— TASK STATEMENT —
The entries below contain a line with "SAFE. by PanzerGlass" and a line with "Joh 18, 1 Nach". Quote exactly those two lines and all lines between them.

— RAW DATA —
- Opening Delimiter -

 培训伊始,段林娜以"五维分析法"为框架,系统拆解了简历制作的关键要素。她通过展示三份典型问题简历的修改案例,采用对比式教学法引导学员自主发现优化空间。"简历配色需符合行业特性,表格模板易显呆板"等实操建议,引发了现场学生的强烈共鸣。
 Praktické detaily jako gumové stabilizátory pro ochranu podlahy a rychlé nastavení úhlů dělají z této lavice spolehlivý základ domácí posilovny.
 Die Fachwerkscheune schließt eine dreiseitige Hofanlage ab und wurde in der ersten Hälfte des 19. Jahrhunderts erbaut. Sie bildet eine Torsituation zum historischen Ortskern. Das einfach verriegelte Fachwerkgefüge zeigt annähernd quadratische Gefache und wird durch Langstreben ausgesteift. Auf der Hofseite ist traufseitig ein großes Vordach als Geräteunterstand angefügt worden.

- Closing Delimiter -
- Opening Delimiter -

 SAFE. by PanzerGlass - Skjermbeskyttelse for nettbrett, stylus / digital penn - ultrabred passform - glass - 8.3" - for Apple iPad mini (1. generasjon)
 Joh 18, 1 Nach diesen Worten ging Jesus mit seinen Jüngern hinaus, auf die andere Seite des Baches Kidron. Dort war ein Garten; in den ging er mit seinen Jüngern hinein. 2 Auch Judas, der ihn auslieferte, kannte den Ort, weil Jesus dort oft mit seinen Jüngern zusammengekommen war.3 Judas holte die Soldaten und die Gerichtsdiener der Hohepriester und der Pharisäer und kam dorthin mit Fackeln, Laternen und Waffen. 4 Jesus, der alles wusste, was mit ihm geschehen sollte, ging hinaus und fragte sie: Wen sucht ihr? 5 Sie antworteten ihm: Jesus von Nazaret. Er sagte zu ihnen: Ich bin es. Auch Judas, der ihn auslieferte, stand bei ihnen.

- Closing Delimiter -

— REPLY —
 SAFE. by PanzerGlass - Skjermbeskyttelse for nettbrett, stylus / digital penn - ultrabred passform - glass - 8.3" - for Apple iPad mini (1. generasjon)
 Joh 18, 1 Nach diesen Worten ging Jesus mit seinen Jüngern hinaus, auf die andere Seite des Baches Kidron. Dort war ein Garten; in den ging er mit seinen Jüngern hinein. 2 Auch Judas, der ihn auslieferte, kannte den Ort, weil Jesus dort oft mit seinen Jüngern zusammengekommen war.3 Judas holte die Soldaten und die Gerichtsdiener der Hohepriester und der Pharisäer und kam dorthin mit Fackeln, Laternen und Waffen. 4 Jesus, der alles wusste, was mit ihm geschehen sollte, ging hinaus und fragte sie: Wen sucht ihr? 5 Sie antworteten ihm: Jesus von Nazaret. Er sagte zu ihnen: Ich bin es. Auch Judas, der ihn auslieferte, stand bei ihnen.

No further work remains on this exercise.